Saturday's Letters to the Editor
Published: Saturday, December 29, 2012 at 3:00 a.m.
Last Modified: Friday, December 28, 2012 at 6:44 p.m.
Our paper is back
EDITOR: While recently thumbing through my great-grandmother’s scrapbook, I came across newspaper clippings like the following from 1941: “Virginia W. is up from San Jose where she is attending college. She is assisting at A.H. Bosworth’s Store for the holidays.”
Though I don’t anticipate quite that degree of specificity, I do hope for fuller coverage of local news with the return of the PD to local ownership. Indeed, as I’ve read through various letters to the editor these last weeks, I’ve been struck by the renewed sense of hope among your readers — this sense that we’ve got our paper back.
And thank you, too, for your latest serial story, “Xmas SR ’06.” What a lovely gift to your readers, especially as we struggled with the heartbreak of Newtown. Here’s to a kinder and gentler 2013.
EDITOR: I am deeply saddened by the horrific shooting at the elementary school in Connecticut. Having children of my own, I cannot imagine what the parents and families are going through. I wonder how I can protect my children. I think our nation is having a mental health crisis. I think we are wrongly focusing on gun control, however, not the core issue, which is mental illness.
Yes, gun control should be discussed, but what we need to look at in depth is how we can help those with mental illnesses so this kind of thing doesn’t happen again.
I believe a step in the right direction would be to enact Laura’s Law at the federal level. There may be opposition, but I think we, as a nation, need to see the greater good and do what is right for the majority of the people. This law would give families some control and some way to help loved ones get the medication and professional help they need. Won’t you please join me in writing to our senators to get this law passed?
EDITOR: Here’s a solution to the monstrous killings that have been occurring that would suit the National Rifle Association and other gun supporters: make guns mandatory for all who serve the public, including teachers, doctors, nurses, movie ushers, restaurant workers, etc. And why not arm the kids, too, while you’re at it? Self-defense, they call it. That way everyone has a chance of survival.
But wait. Isn’t that how we got here?
A different path
EDITOR: The tough negotiations by President Barack Obama and the Republicans that has been transferred from the House of Representatives to the Senate needs a different path to succeed.

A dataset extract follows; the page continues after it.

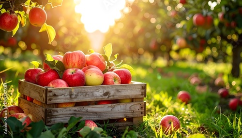 Wooden crate filled with ripe red apples in an orchard at sunset

I believe that the time frame from the Nov. 6 elections to solving the fiscal cliff was too close after a very contentious election. Obama and the Democrats see a mandate while the Republicans see themselves voted back to the House of Representatives with a large margin of 33 seats for the next Congress. Plus the Republicans increased the number of governors in their party and now have 30 governors versus 19 for Democrats.
The federal fiscal year is almost three months old, so here is an easy solution. Pass a temporary one-year $75 billion tax increase with a $75 billion in real spending cuts. That would decrease the projected federal deficit from $1 trillion to $850 billion for the current fiscal year.
The fiscal cliff spending cuts get pushed out. If the president and Congress cannot come up with a long term plan by Sept. 30, 2013 (end of the federal fiscal year), then all of the Bush tax cuts expire and the fiscal cliff spending cuts kick in. Remember those nasty Bush deficits of $400-500 billion? This country would take them in a heartbeat.
Too much austerity
EDITOR: I’m afraid the recent report of the Sonoma County Economic Development board may be overly optimistic in view of the national situation, in which the “austerians” have demanded efforts to reduce the deficit now. The administration has little choice but to comply.
Nobel laureate Paul Krugman, who writes biweekly newspaper columns and the recent book “End this Depression Now” has urged us to remember the lessons of the Great Depression, which, after an early partial recovery, fell back into recession when President Franklin Roosevelt tried to balance the budget in 1936 and was not fully overcome until the massive government spending in the buildup prior to World War II.
The huge deficit that ensued was gradually overcome without much pain in the postwar years as the recovered economy provided increased revenue and the modest inflation reduced the debt. Krugman’s argument to continue stimulus spending until we recover certainly makes sense (to me) but, unfortunately, seems to be ignored nationally.